Rika shook her head, trying to dislodge the sensation, but it clung. Her blockers were still in her hand, her lifeline, her temporary shield, but she knew they wouldn't be enough the next time Daika decided to corner her.
She moved toward her vanity, trying to focus on the mundane, brushing her hair, applying light makeup but every stroke of the brush seemed to echo Daika's voice in her mind. Every glance at her reflection reminded her of the tension between fear and desire that had no place in her life.
And then there was Kana.
Rika's heart sank at the memory of her friend storming off down the hall, fists clenched, eyes full of disappointment and worry. Kana had seen everything, had smelled the truth about her, and now… now Rika felt like she had lost her trust entirely.
She wanted to call her, to apologize, to explain, but what could she say? "I'm sorry you saw that, but yes… Daika's right, and I don't know how to stop it"? The words felt impossible on her tongue.
She sank onto her bed, hugging her knees, trying to breathe. The clock ticked relentlessly, a cruel reminder that in a few hours, she would have to step back onto the stage. Another performance. Another battle round. Another test of skill and now, of control.
Rika's hands went to the blockers again, shaking as she tried to steady herself. They were supposed to give her power, give her a sense of autonomy, but in the wake of Daika's intrusion, they felt fragile, inadequate.
She tried to force her thoughts back to the choreography, to the routines she had drilled into muscle memory, but every step, every spin, every hand placement seemed tainted by memory. Daika's eyes. Daika's touch. Daika's smirk.
No. She pressed her palms against her eyes. Focus. You can do this. You have to.
But even as she repeated the mantra, even as she tried to steel herself, she felt a spark of rebellion flicker in her chest—not against Daika, not yet—but against the helplessness, against the feeling that she could be consumed so easily by someone else's will.
Rika's thoughts turned to strategy. If she couldn't escape Daika entirely, she could at least control the battlefield, the stage. If she mastered her focus, her timing, her movements, she could regain some sense of autonomy. She could reclaim a piece of herself, piece by painstaking piece.
And so, she began to rehearse in her mind, tracing every movement, every gesture, every nuance of the performance that had earned Team One their last win. Her body responded almost automatically, and for a moment, she felt a glimmer of control, a whisper of confidence she hadn't felt since the battle with Daika began.

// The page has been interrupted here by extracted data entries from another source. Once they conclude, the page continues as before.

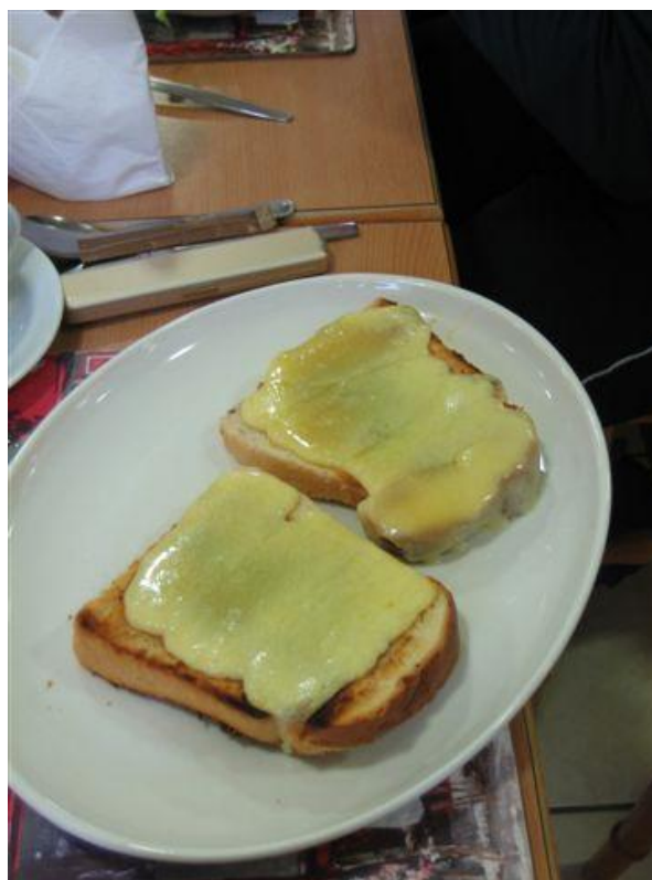
Plain and basic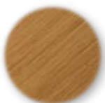
Harvest Brown 78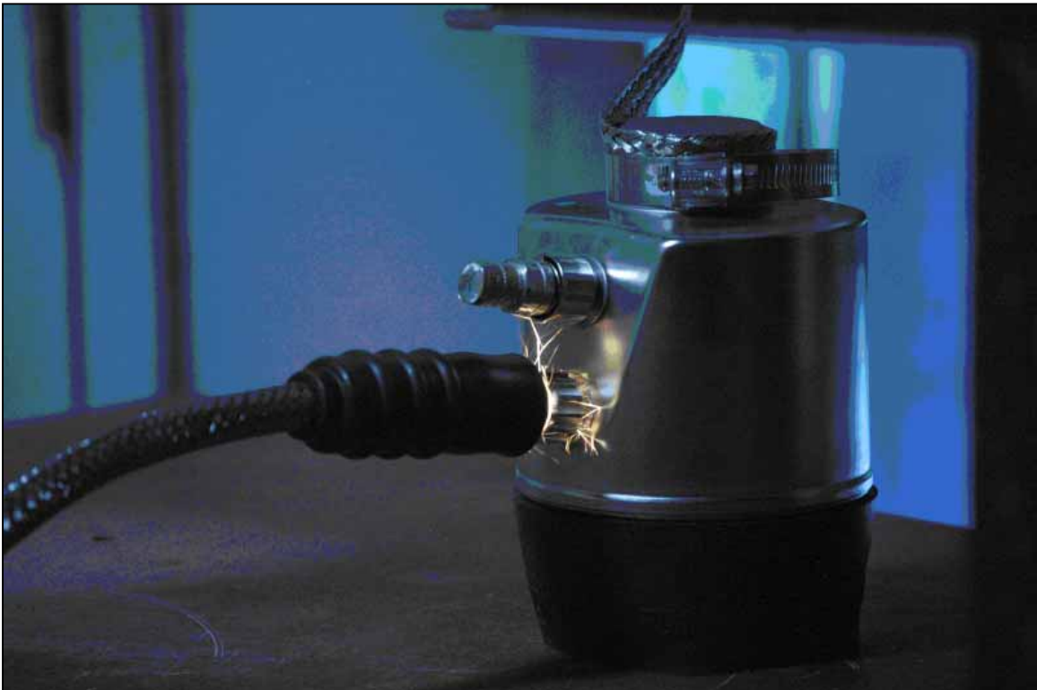
Figure 1 – Test Area Setup

The surge current Component D waveform as defined in SAE ARP5412 had a time to crest of 13 \mu s and tail time (return to 50% of crest) of 32 \mu s. Figure 2 is a typical current pulse oscillogram. The applied currents started at 7 kA and increased in \sim 5 kA steps until a failure occurred.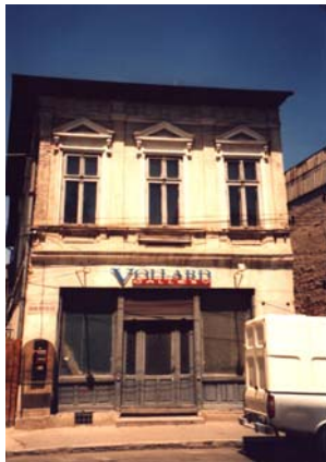
Trian Demetrescu Memorial House, Craiova

In cooperation with local authorities, companies and NGOs, the project will provide vocational training and counselling for selected disadvantaged youth to facilitate their further integration in local communities and, implicitly, contribute to the economic growth of the area.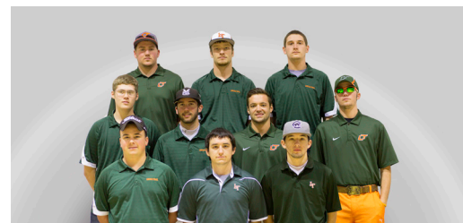
LTC Golf Team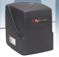
Slide Gate Operator

Ultra Reliable/Low maintenance • Variable speed • Easy, inexpensive installation • Solar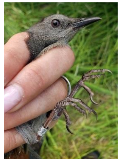
A Baltimore Oriole, Warbling Vireo, Rose-breasted Grosbeak, and Gray Catbird. Common captures at our MAPS stations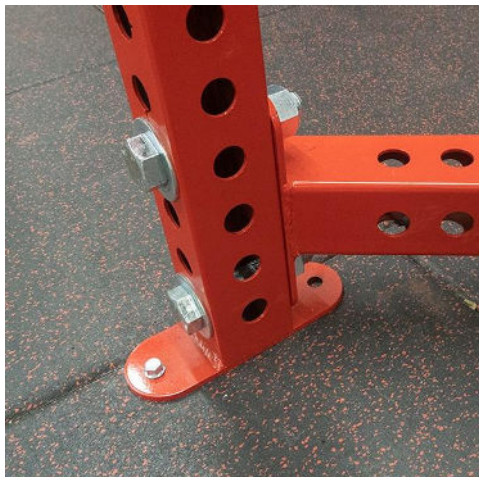
Bolt Down Tabs

The Triad rack is Patent Pending for its 3-post Triangular construction which is more efficient as it uses less parts and takes up a smaller footprint. Triad Racks can have Rack Mounted Machines added to them off the side of the back middle post which does not increase the footprint of the unit or you can add them off the back which adds 23" to the footprint.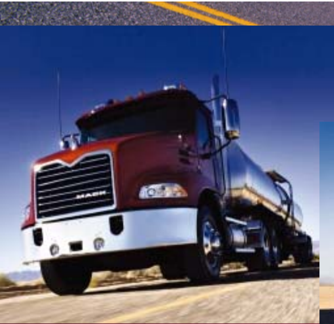
Economic Haul #2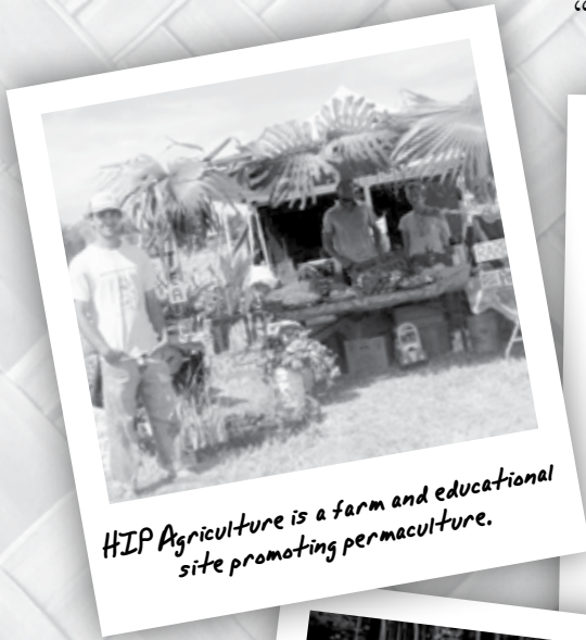
HIP Agriculture is a farm and educational site promoting permaculture.

Of our 83 current projects, 16 are farms or groups that work to promote agriculture in North Kohala and help the community attain its goal of producing 50% of our own food by 2018. Here are some of our most active agriculture projects that help “Keep Kohala, Kohala.”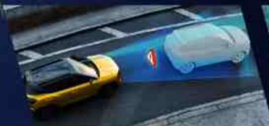
Forward Collision Warning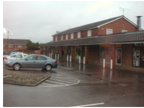
1. 1970 Shopping Parade with accommodation above serving the more southerly areas of Holbrook.

Can you identify the location of these ten photographs?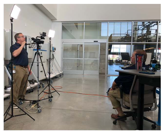
Certified instructors providing step-by-step detailed instructions through quality HD 4K cameras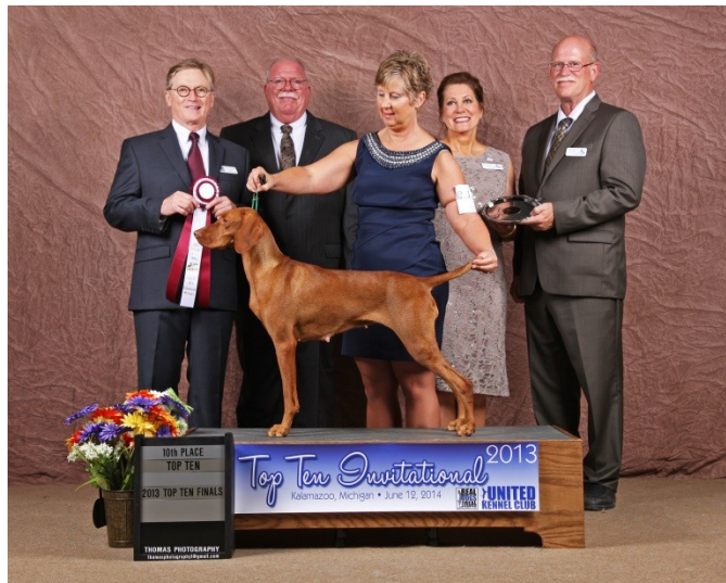
Multiple BIS GCH UKC/GCH AKC Solaris Sweet Tart Top Ten All breed at the UKC Premier Finals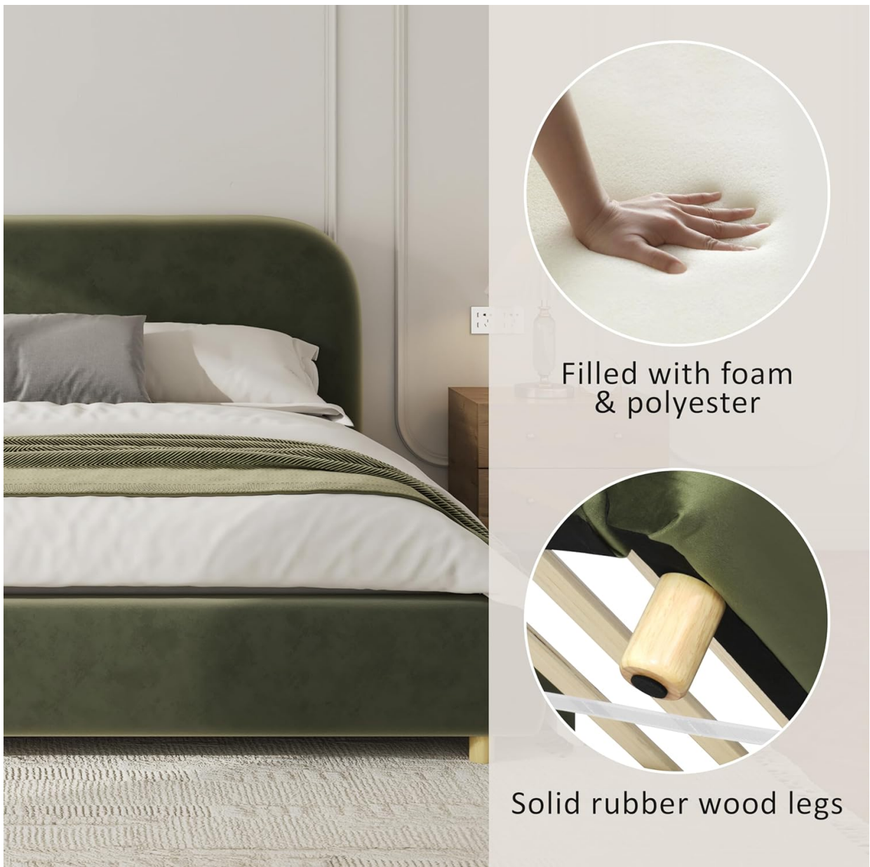
Image: Close-up view of the bed's upholstered headboard, emphasizing the soft velvet fabric, and a detail of the solid rubber wood legs, highlighting the materials used.

But the confidence was fragile, like glass teetering on the edge of a table. One word, one look, one touch from Daika, and it could shatter completely.
Rika's gaze drifted to the mirror. She studied her own reflection, searching for the girl she had been before the storm of Daika's presence, the girl who had wanted to shine on stage for her own sake. The girl who had trained in sweat, in pain, in tears, all to claim her dreams.
And beneath the tension, the fear, and the turmoil, she found it. That spark. That stubborn, defiant flame that refused to be consumed.
Rika stood, pulling herself straight, shoulders back, chin lifted. She wasn't powerless. She wasn't broken. Not yet.
Daika may have entered her dorm, tested her, provoked her, even cornered her, but Rika had survived. She would continue to survive. And on that stage, when the lights blazed and the crowd screamed, she would reclaim herself, body, mind, and spirit.
She exhaled, slow and steady, letting the tension seep from her muscles, letting her resolve solidify. The next battle wasn't just about performance. It was about control. About choice. About standing tall in the face of everything that sought to bend her.
Rika grabbed her bag, double-checked her gear, and allowed herself a small, private nod. I'm ready.
Not for Daika. Not for the crowd. Not for anyone else.
For herself.
And that, she realized, made all the difference.